Demerging China from emerging markets

The MSCI Emerging Markets Index is the leading emerging markets (EM) index, with over 1,400 constituents covering 26 countries. The value of investment capital either tracking or benchmarked against it measures in the trillions of dollars, a following that means any changes to the index have potentially wide implications. Likewise, large adjustments could be particularly disruptive as many investment managers would have to buy and sell shares to mirror the revised structure of the index.

This problem raised its head a few years ago as MSCI decided to increase the weighting of China in the index. Although the country remains under-represented in the index, it already accounts for nearly 35% (as at the end of October 2021). The next largest constituent country, ironically Taiwan, counts for 14.7%.

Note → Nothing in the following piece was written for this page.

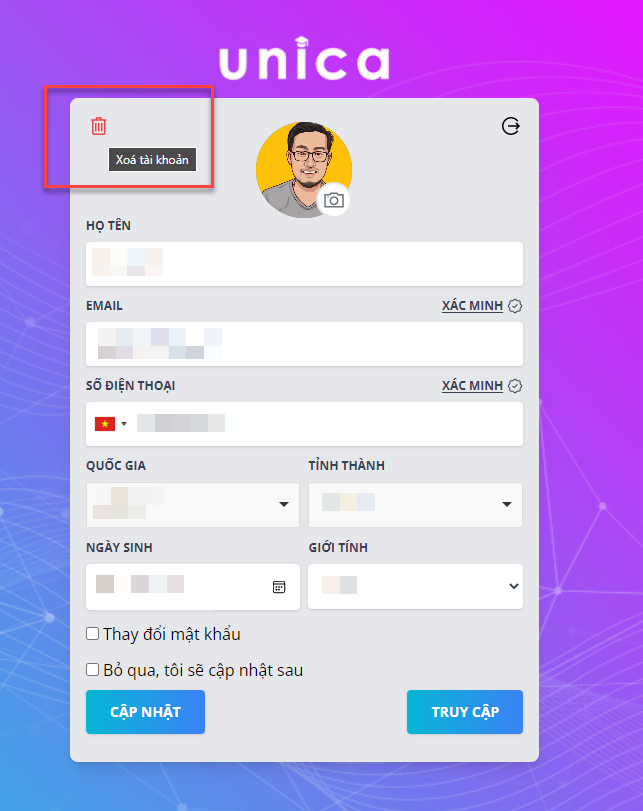 Xin lưu ý rằng bằng cách đóng tài khoản Unica, bạn sẽ mất quyền truy cập vào tất cả các khóa học bạn đã đăng ký, bao gồm cả các khóa học đã mua.

China’s weighting in the index has doubled over the last five years, although at present much of this is through Chinese companies, such as Alibaba, whose shares are listed outside China. In time, China could account for over 40% of the index.

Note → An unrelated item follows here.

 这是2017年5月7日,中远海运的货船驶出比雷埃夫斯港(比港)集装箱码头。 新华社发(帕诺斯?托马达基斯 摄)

Recently, Goldman Sachs, the major US investment bank, published a paper examining whether the time had arrived to separate China from the EM index it was coming to dominate. The authors of the paper argued that China deserved to stand alone for a variety of reasons, including:

  • It has the second largest global equity market after the US, worth $18 trillion with nearly 6,000 listed stocks.
  • It dominates the EM index and is already has the largest single country weighting in the index’s history.
  • China is a country subject to “idiosyncratic factors”. This is the bankers’ careful way of saying that the country of President Xi Jinping has a different geopolitical stance from many other EM countries and, of late, a somewhat unpredictable regulatory policy.

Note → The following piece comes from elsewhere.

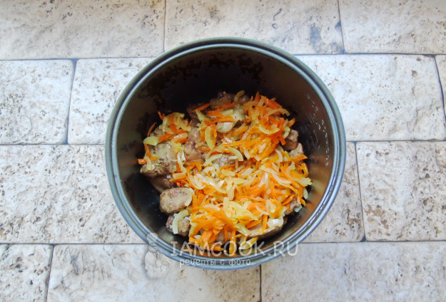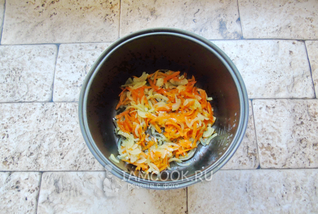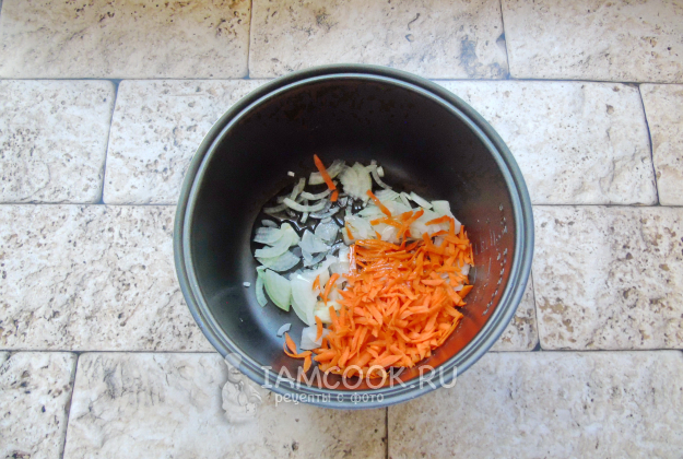 Морковь натрите на терке, а лук нарежьте произвольно. Выложите в чашу мультиварки и налейте 20 мл растительного масла.

The paper has provoked much comment and served as a useful reminder of two facts for individual investors in the UK:

  • China is too big a market to ignore; and
  • If you are investing in index-tracking funds, it pays to understand what the underlying constituents are.

The value of your investment and any income from it can go down as well as up and you may not get back the full amount you invested. Past performance is not a reliable indicator of future performance.  Investing in shares should be regarded as a long-term investment and should fit in with your overall attitude to risk and financial circumstances.